**Material provided:**
Start of Block
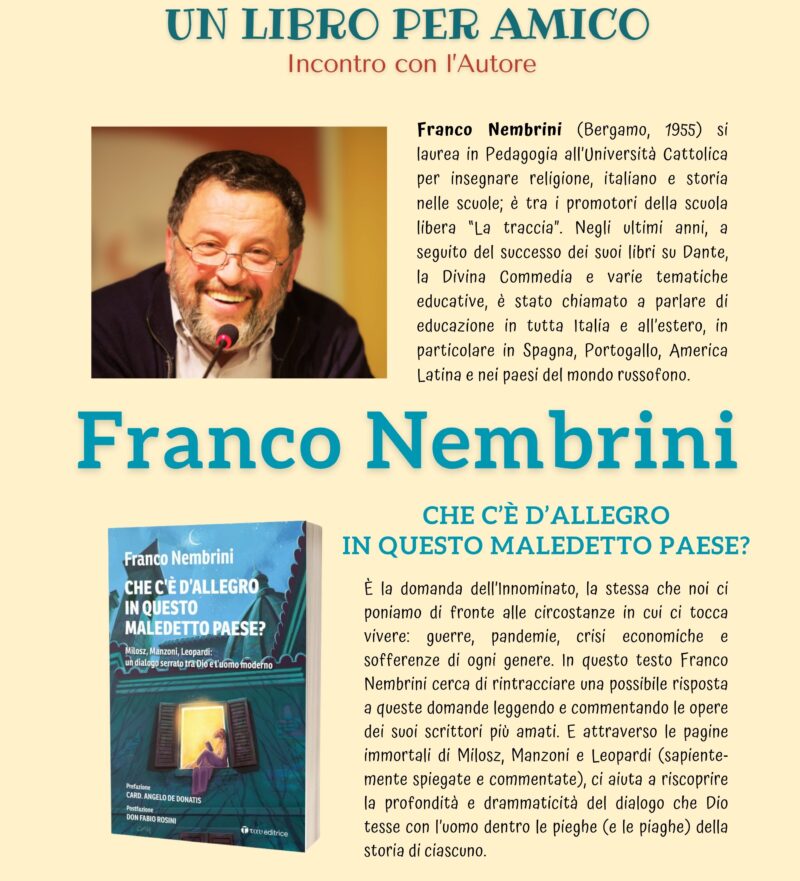 L’autore sarà a Terni per presentare il suo ultimo libro: “Che c’è d’allegro in questo maledetto paese?” (Ed. Tau, 2024), nel quale cerca di rispondere al perché delle crisi del nostro tempo leggendo e commentando le opere dei suoi scrittori più amati. Attraverso le pagine immortali di Milosz, Manzoni e Leopardi, Nembrini aiuterà a riscoprire la profondità e la drammaticità del dialogo che Dio tesse con l’uomo dentro le pieghe (e le piaghe) della storia di ciascuno.
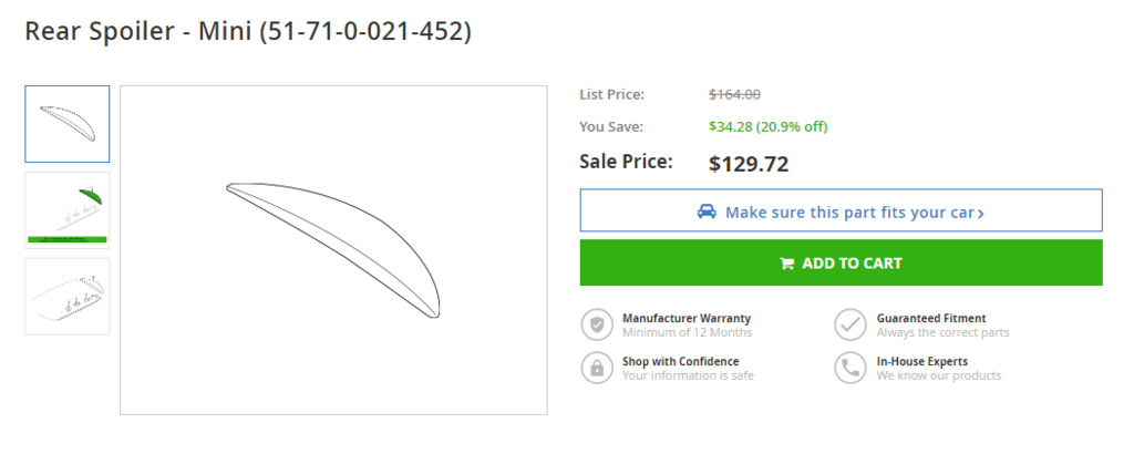 Salvage yard, price listed for a spoiler @$35. Minis are far and few these days at my local Pull-A-Part.
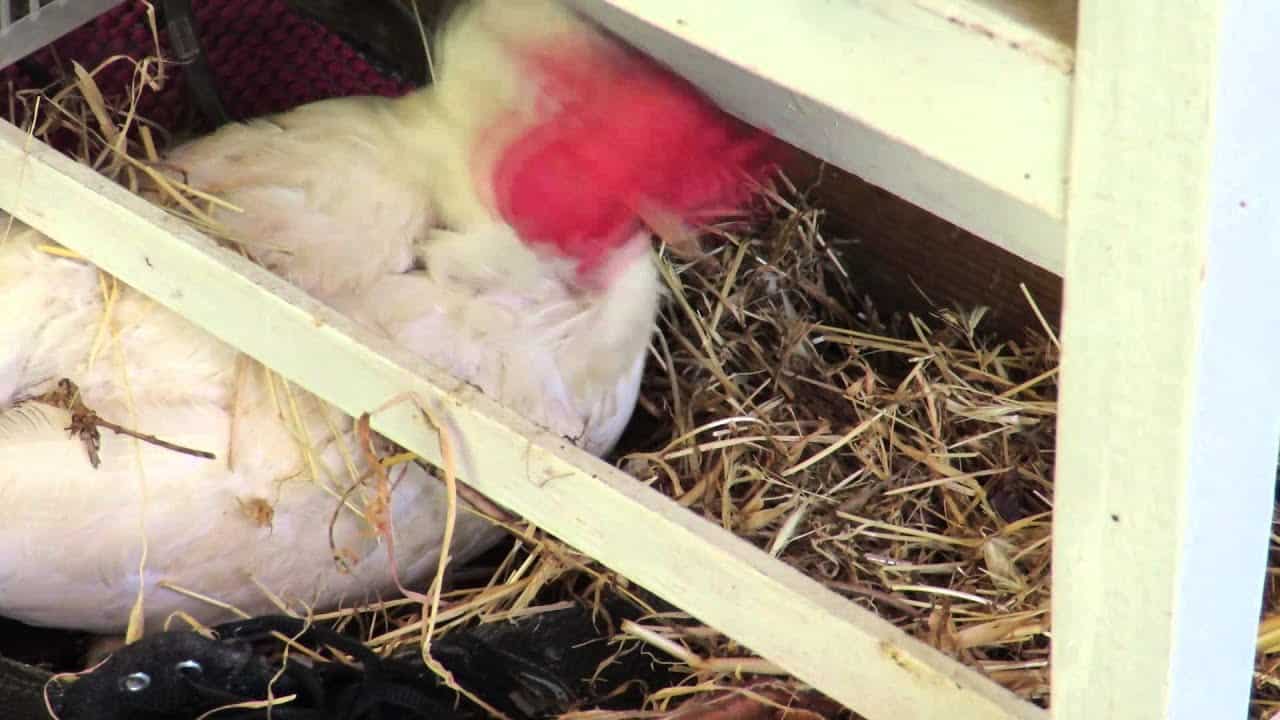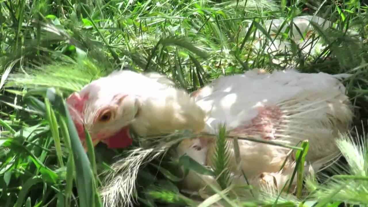 גאיה גולדברג, רכזת פרויקט אנימלס להצלת תרנגולות מכלובי סוללה: "תראו את המקסימות האלה! שלישיית תרנגולות ניצולות מלול סוללה, התעוררו בבוקר הראשון לאחר הצלתן, והתנפלו בניקורים על הקיר הגירני. הסיבה? הן פשוט מורעבות לסידן. למה? 1. עיוותו אותן גנטית כך שיטילו 300 ביצים בשנה במקום 20. כמעט מדי יום מוטלת ביצה, שקליפת הסידן שלה זוקקה מגופה…
End of Block
**Brief:** In transcribing the lines above, omit the images and keep all else exact.

**The answer:**
 L’autore sarà a Terni per presentare il suo ultimo libro: “Che c’è d’allegro in questo maledetto paese?” (Ed. Tau, 2024), nel quale cerca di rispondere al perché delle crisi del nostro tempo leggendo e commentando le opere dei suoi scrittori più amati. Attraverso le pagine immortali di Milosz, Manzoni e Leopardi, Nembrini aiuterà a riscoprire la profondità e la drammaticità del dialogo che Dio tesse con l’uomo dentro le pieghe (e le piaghe) della storia di ciascuno.
 Salvage yard, price listed for a spoiler @$35. Minis are far and few these days at my local Pull-A-Part.
 גאיה גולדברג, רכזת פרויקט אנימלס להצלת תרנגולות מכלובי סוללה: "תראו את המקסימות האלה! שלישיית תרנגולות ניצולות מלול סוללה, התעוררו בבוקר הראשון לאחר הצלתן, והתנפלו בניקורים על הקיר הגירני. הסיבה? הן פשוט מורעבות לסידן. למה? 1. עיוותו אותן גנטית כך שיטילו 300 ביצים בשנה במקום 20. כמעט מדי יום מוטלת ביצה, שקליפת הסידן שלה זוקקה מגופה…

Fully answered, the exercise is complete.